W trzecim już objeździe po ofercie wyróżnionej w edycji 2012/2013 znakiem „Dolina Baryczy Poleca” we wtorek 21 maja uczestniczyło ponad 20 osób. Uczestnicy odwiedzili 9 miejsc, gdzie 11 usługodawców oraz producentów przedstawiło swoją ofertę. Każdy z gospodarzy opowiadał o swojej pracy, ale również o tym, co daje Znak „Dolina Baryczy Poleca” oraz jak wyobrażają sobie współpracę z innymi użytkownikami Znaku.
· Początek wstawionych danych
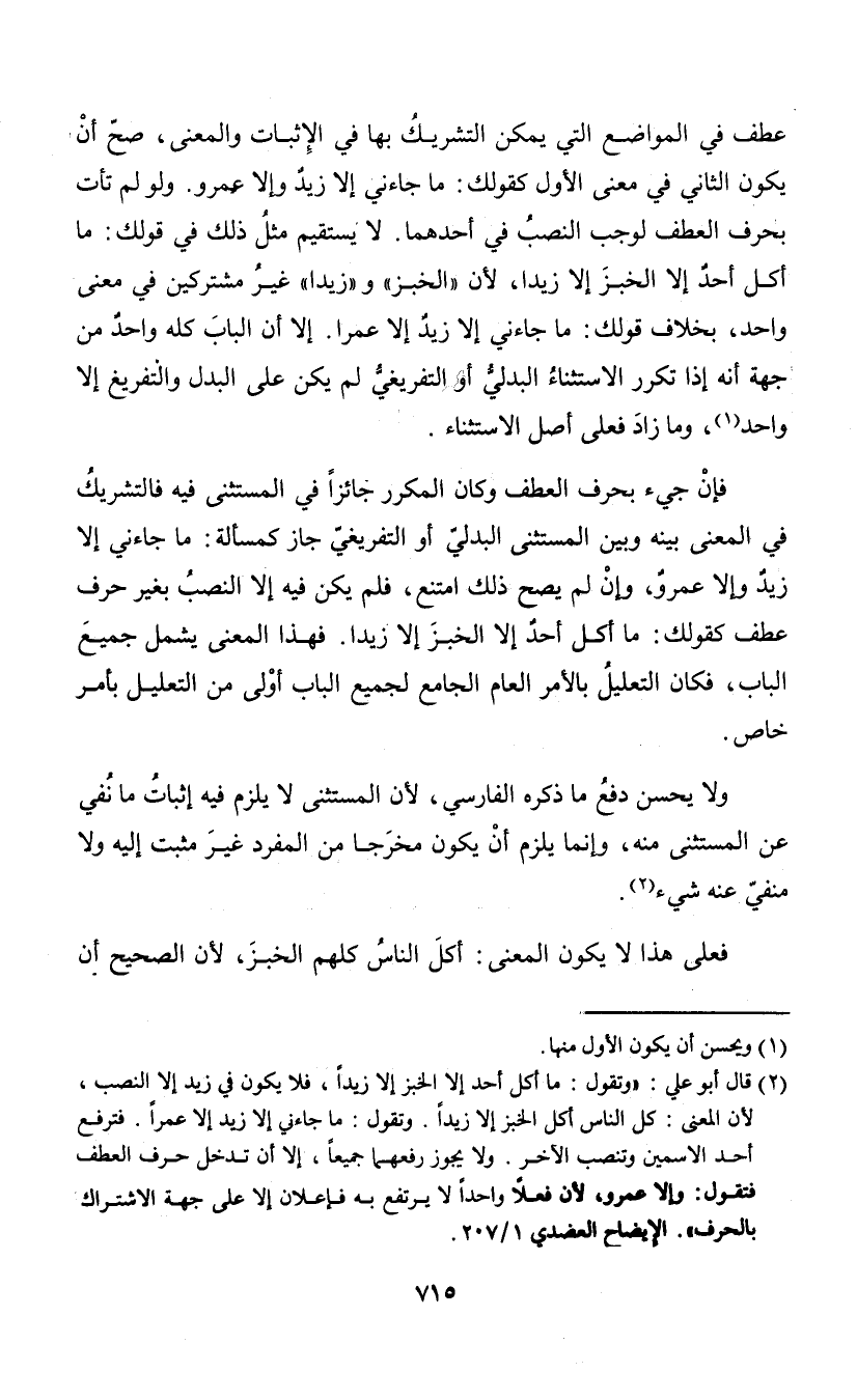 (¬2) قال أبو علي: " وتقول: ما أكل أحد إلا الخبز إلا زيدا، فلا يكون في زيد إلا النصب، لأن المعنى: كل الناس أكل الخبز إلا زيدا. وتقول: ماجاءني إلا زيد إلا عمرا. فترفع أحد الاسمين وتنصب الآخر. ولا يجوز رفعهما جميعا، إلا أن تدخل حرف العطف فتقول: وإلا عمرو، لأن فعلا واحدا لا يرتفع به فإعلان إلا على جهة الاشتراك بالحرف". الإيضاح العضدي1/ 207.
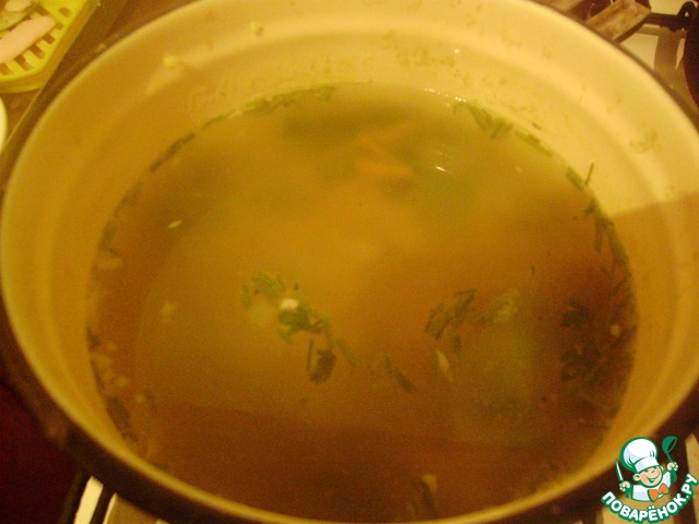 Через 10 минут добавляем зелень и чеснок. Снимаем с огня, накрываем крышкой и даем настояться 5 минут.

Tym razem objazd obejmował teren gminy Milicz oraz Krośnice.
Dzień rozpoczął się od porannej kawy i ciasta w restauracji „Parkowa” w Miliczu. Gospodarze, Anna i Dariusz Moczulscy opowiedzieli o swojej restauracji, kuchni, planach rozwoju oraz oprowadzili gości po restauracji i pięknym ogrodzie, który zachwycił gości ze względu na bujną roślinność oraz odrestaurowaną muszlę koncertową.
Z Milicza autobus z uczestnikami pojechał do Wierzchowic, do gospodarstwa sadowniczego Ireny i Andrzeja Łaniaków. Gospodarze wraz z synem Markiem przygotowali degustację swoich produktów – soków, syropów oraz dżemów. Pani Irena sprawiła gościom wielką niespodziankę podając jeszcze ciepłe rogaliczki z jabłkowym nadzieniem. Pan Andrzej opowiedział o historii gospodarstwa i przetwórstwa owoców oraz pochwalił się znajdującą się na etapie budowy nową inwestycją – budynkiem „pijalni soków”, która już niedługo pełnić będzie funkcję punktu gastronomicznego o wdzięcznej nazwie Malinea. Na pożegnanie każdy otrzymał po słoiczku dżemu i soku.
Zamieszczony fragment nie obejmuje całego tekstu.